Handling Data Drift with Datafold

One scenario where dbt Slim CI will not help eliminate data drift is when the modified model draws from frequently-updated raw sources (e.g., event data with 30 billion rows updated every 5 minutes). In that case, the upstream data is likely to change between the last Production and the current Staging runs, causing data drift.

image

In this case, you can use Datafold to compare the data in the modified model to the data in the last Production run.

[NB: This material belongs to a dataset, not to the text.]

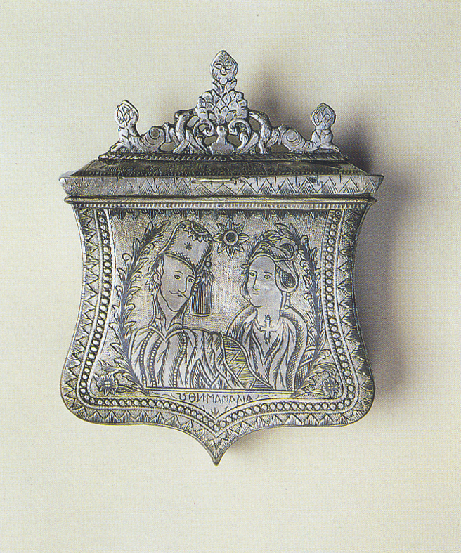 Μπαρουτοθήκη ασημένια, με παράσταση Όθωνα και Αμαλίας. 19ος αι.

This can be implemented in a few steps:

  1. Create copies of source data at the time of production runs
  2. Create macro (see code example below) that conditionally defers to these source copies during CI runs

Data drift is eliminated completely, with no ongoing manual effort needed after implementation

Workflow Example

image

  1. Source Table A, with billions of records updated every 5 minutes, is referenced by dbt Model A, which is built in production every 2 hours.
  2. During every production job run, dbt Cloud creates a copy of Source Table A at that point in time (e.g., 8am): Source Table Copy A.
  3. In a dbt Cloud Slim CI run, dbt Model A references Source Table Copy A only during CI runs using a macro (see screenshot above).
  4. Macro logic: “Given that the target is CI, use the copy of Source Table A that was generated during the latest prod run as the upstream.”
  5. Then, Datafold will compare dbt Model A (prod) to dbt Model A (CI) with no difference in the upstream source data, because the Slim CI build references Source Table Copy A that was taken at the time of the last production run.
  6. All downstream data diffs will not have data drift as a result.
-- dbt_model_a.sql

select
*
{% if target.name == 'CI' %}

-- this can also be another source ref that's created by a post hook based on the original source
from {{ ref('source_copy_example') }}

{% else %}

from {{ source('web_events', 'page_views') }}

{% endif %}